Here are some steps to dignify others around you:
Recognize each individual as a valued human being
When you are interacting with anyone, whether it is on the bus, in the market, on the sidewalk, at your office, at home, at a neighbour’s house here’s something small you can do to recognize that they are valued – make eye contact, smile, offer your seat to them on the bus, share a story with them, ask them their name. Look beyond their clothes, color of skin, socio-economic status and engage with the human being that’s before you.
Focus on the positive
Affirmation goes such a long way with people. When it comes to transformation, it is a much more powerful tool than critique. Affirmative words, actions, and attitudes build people up and creates a positive environment that brings peace between people. While critique will always be necessary, it is all too often the preferred method. Affirmation has been proven to be one of the most effective management tools for positive workplace performance. The same is true in the home, marriage and in your friendships. Take time to compliment someone, take time to celebrate an achievement, take time to talk about what they did RIGHT. Recognizing the positive and using positive language to critique the things people can improve on makes a person want to make the change. Focus on the fact that they are already GOOD.
Engage in truly listening
When you are having a conversation where you want to affirm the other individual and bring dignity to them through your conversation, focus on listening and hold back from giving advice and bringing the focus on to yourself. Active listening happens when you “listen for meaning”. As the listener, say very little but convey empathy, acceptance and genuineness.

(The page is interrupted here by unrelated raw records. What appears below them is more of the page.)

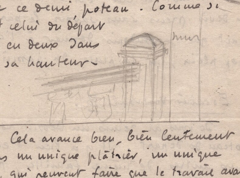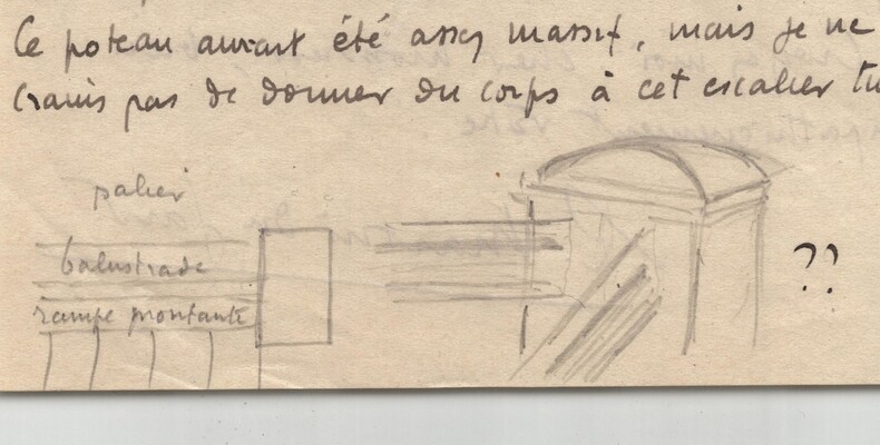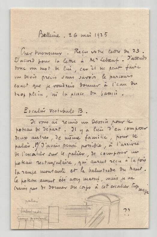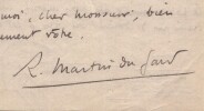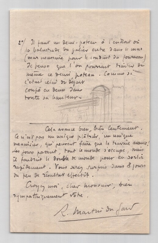 Roger Martin du Gard. Lettre autographe signée avec croquis au crayon, Bellême 1925 Écrivain Lettre autographe signée de Roger Martin du Gard, datée du 26 mai 1925 à Bellême, rédigée à l'encre brune sur un feuillet de papier vélin. Cette intéressante lettre de deux pages contient, outre le texte, plusieurs croquis au crayon de sa main, illustrant les poteaux d escalier et la balustrade qu il décrit. L écrivain y donne de minutieuses instructions concernant l aménagement de sa maison, le parcours de l eau et la réalisation d éléments de menuiserie. Il insiste sur la lenteur du chantier, déplorant que les artisans soient trop peu nombreux. "Cher Monsieur. Reçu votre lettre du 23. D'accord pour la lettre à Mr Leb uf. J'attends donc un mot de lui, car il ne peut faire un devis précis sans savoir le parcours exact que je voudrais donner à l'eau du trop plein, ni la place du bassin Escalier vestibule B. Je vous ai remis un dessin pour le poteau de départ. Il y a lieu d'en composer deux autres, de même famille, pour le palier. 1°/ J'avais pensé possible, à l'arrivée de l'escalier sur le palier, de composer un poteau rectangulaire, qui aurait reçu à la fois la rampe montante et la balustrade du haut. Ce poteau aurait été assez massif, mais je ne crains pas de donner du corps à cet escalier trop maigre. 2°/ Il faut un demi-poteau à l'endroit où la balustrade du palier entre dans le mur (mur nécessaire pour le conduit du fourneau). Je pense que l'on pourrait traiter de même ce demi-poteau. Comme si c'était celui du départ, coupé en deux dans toute sa hauteur. Cela avance bien, bien lentement. Ce n'est pas un unique plâtrier, un unique menuisier, qui peuvent faire que le travail avance ! Les jours passent, tout le monde s'occupe, mais il faudrait le double de monde pour en sortir rapidement. Vous serez surpris dans 8 jours du peu de résultat effectif. Croyez-moi, cher monsieur, bien sympathiquement vôtre." Ces croquis intégrés dans la lettre en renforcent l authenticité et donnent un aperçu rare de l écrivain s impliquant personnellement dans des questions pratiques et techniques. Dimensions : 13,5 x 21,4 cm. État : Voir photos pour plus de détails. Nombre de pages : 2 pages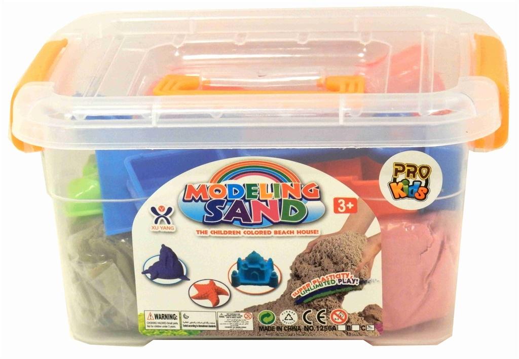 Piasek o specjalnych właściwościach do modelowania. Dzięki unikalnej budowie piasek sprawia wrażenie prawdziwego i nie rozsypuje się. Do zestawu dołączono elementy dodatkowe jak łopatkę, grabki oraz foremki dzięki, którym będzie można tworzyć piękne babki z piasku. Wspaniały zestaw pobudza wyobraźnię dziecka i rozwija umiejętności manualne. Zestaw piasek do modelowania zapakowany w kuferek. Dołączono łopatkę, grabki oraz foremki do modelowania.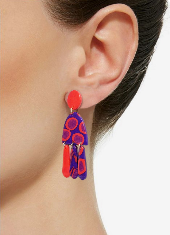 • La partie pendante : Une forme géométrique habillée d’un motif bleu et rouge.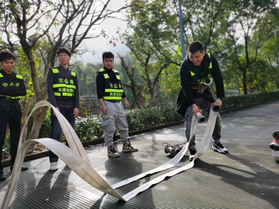 圖為樂清公司員工在水帶操作演練 大溪嶺隧道所執(zhí)勤隊就是應(yīng)急救援小分隊,隊員們除了日常工作以外需要進(jìn)行不斷培訓(xùn)、演練,只有練就過硬的技能,才能嫻熟地進(jìn)行救援,確保大溪嶺-湖霧嶺隧道的平安暢通。 陳智慧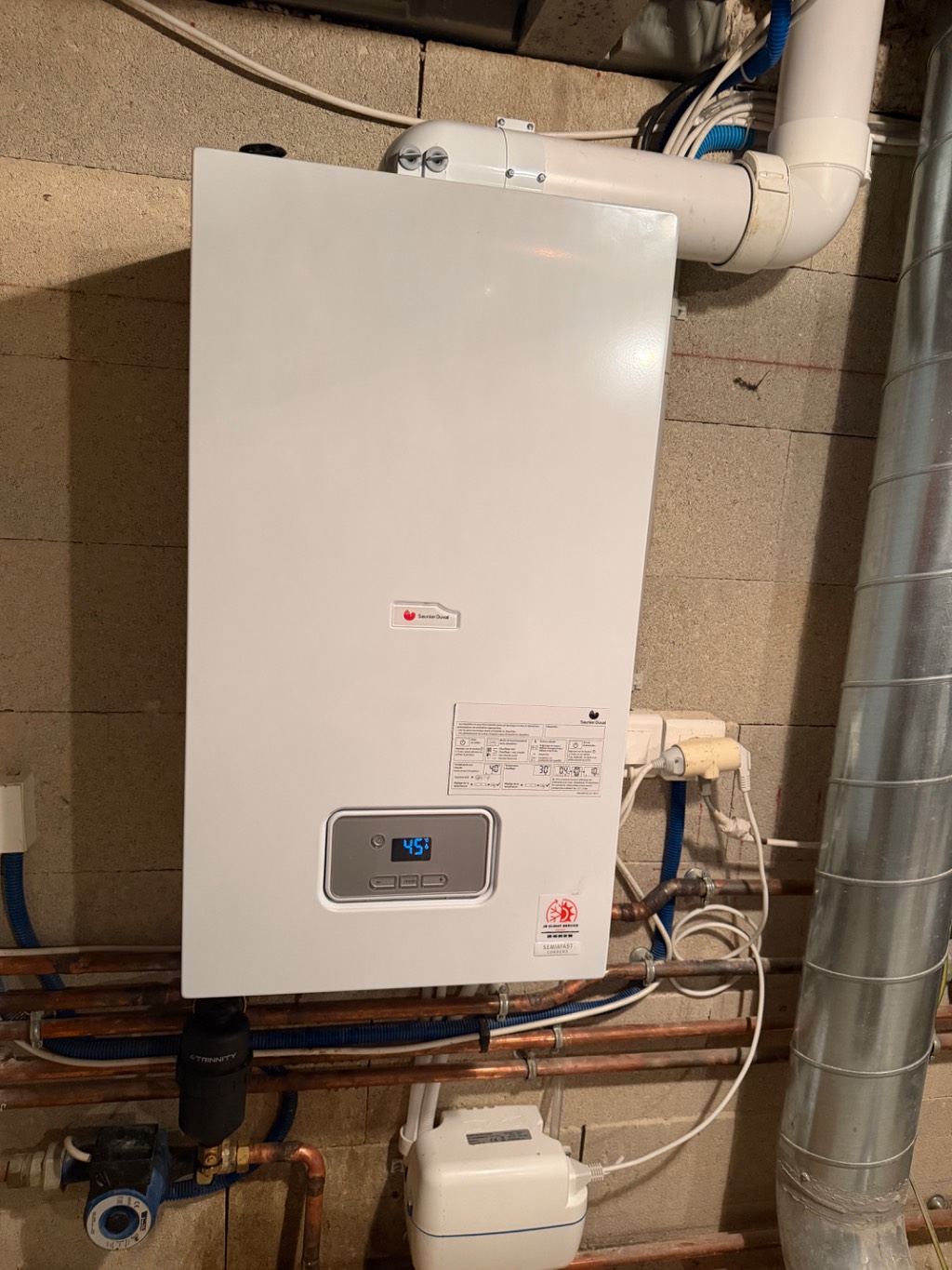 Après validation, JB Climat Service a procédé au désembouage complet du circuit de chauffage, suivi de l’installation de la chaudière Saunier Duval à condensation, de sa mise en service et des réglages de fonctionnement. Des tests ont été réalisés afin de garantir un chauffage homogène, une production d’eau chaude efficace et une consommation de gaz maîtrisée.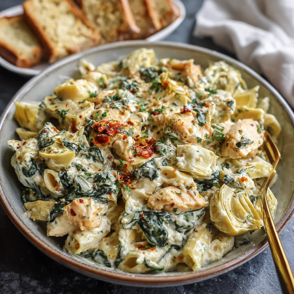 Hi there, food lover! 👋 Ready for something that brings creamy comfort and bright Mediterranean flavors together in one cozy dish? Our Spinach Artichoke Chicken Pasta is everything you love about the classic spinach-artichoke dip — warm, cheesy, and perfectly garlicky — now transformed into a full, hearty meal. 🍗🌿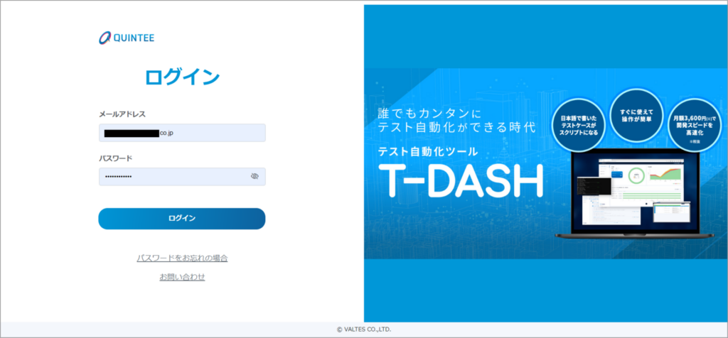 トライアルお申込み時に発行するQUINTEEアカウントと初期パスワード、またはQUINTEEマイページから発行したアカウントからログインできます。

When you listen to what the person said, paraphrase what they said – this means to repeat in your own words what the person you’re listening to said. This helps the other person know that you truly heard and understood what they said.
Recognize the individual identity of each person
It’s easy to make decisions for other people when we begin to think of ourselves as having more worth than them. If we stop and ask others for their opinion or what their preference is, it might actually be different to what we thought was the best option. Know that no matter what our status in society might be, each individual has a right to make a choice that affects them, even if we think we can make a better choice. By giving people the freedom to embrace the right to make their own decisions, we help them to individuate and develop their identity. This shows dignity to your fellow human being.
Choose to see the whole person
Discipline yourself to see people, not by who is in front of you, but for who they are to their family, their community and who they are going to be as they grow and mature. If we only treat people based upon their current station in life, we limit our implicit ability to dignify them and in turn, we ourselves are not dignified. That’s the last lesson, to dignify someone else, and being reciprocal – it dignifies us in return. So whether it is your children, your spouse, a complete stranger or the chai wala, choosing to dignify them in the ways discussed will in turn be your own gift of dignity to yourself.
These are small steps we can take to practice dignifying the “other” which in turn combats intolerance. India is a country where varying hues of diversity exist and where celebrating what’s different about each other is what actually brings us together.